When Musk announced in May that he had chosen NBCUniversal’s advertising chief Yaccarino to be Twitter’s new CEO, he noted that she would be focused on business operations “while I focus on product design and new technology” — hinting that he would still be heavily involved in the social media company.
Since Musk’s Twitter deal completed, Tesla investors have aired frustrations with Musk being distracted by the social media platform. Earlier this year, a group of long-term Tesla investors who collectively hold shares worth $1.5 billion wrote to the firm’s board to explain that they had grown “increasingly concerned with governance and leadership issues at the company.”
Musk’s decision to buy Twitter sent Tesla stock on a wild ride, with shares of the company plummeting 58% between his announcement of his intention to take over the company last April and the end of 2022. Though the stock is still far off its 2021 peak, it has staged a recovery this year and gained more than 160% since the beginning of 2023.
However, Warren suggested on Monday that investors were still jittery.
“Despite hiring Ms. Yaccarino, [Musk] is likely to retain ‘significant control’ over the company and intends to continue overseeing core functions of the business,” she said.

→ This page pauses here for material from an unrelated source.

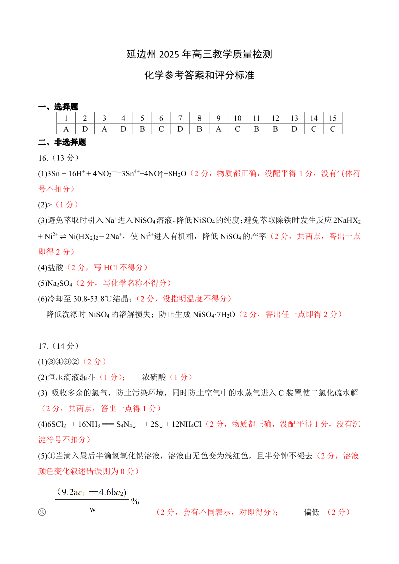 延边州2025年高三教学质量检测 化学答案.pdf

“Should Mr. Musk change his mind about stepping down as CEO, there is nothing to stop him from firing Ms. Yaccarino and returning to the helm — because Twitter lacks a board of directors, so long as Mr. Musk retains majority ownership of the private company, he will remain a dominant force.”
Representatives for Tesla and Twitter did not respond to Fortune’s request for comment.
Warren vs. Musk
It’s not the first time Warren has been at loggerheads with the Tesla and SpaceX cofounder.
She wrote to Tesla’s board in December accusing Musk of creating “unavoidable conflicts” and potential misappropriation of assets relating to his Twitter acquisition.
During her campaign for the Democratic presidential nomination in 2020, Warren proposed introducing a wealth tax on ultra-rich Americans. She has since doubled down on the need for such a policy, naming Musk explicitly as an example of someone who should be paying more taxes.
“I’m happy to celebrate success, but let’s remember, Elon Musk didn’t make it on his own. He got huge investments from the government, from taxpayers, from those public school teachers and those minimum wage workers who’ve been paying their taxes all along to get that business up and running and help see it through rough times,” she said in a television interview with CNBC last year.
“When you make it big…let’s also ask that you pay a fair share in taxes. The 99% pay about 7.2% of their total wealth in taxes every year. That top one-tenth of 1% pays less than half as much. That’s not right. Make an investment so the next Elon Musk gets a chance to make it big as well.”
Musk has made it clear he’s opposed to a wealth tax being imposed on America’s richest people, saying in a tweet last year that “SpaceX and Tesla would probably have died” if such a levy had existed in 2008.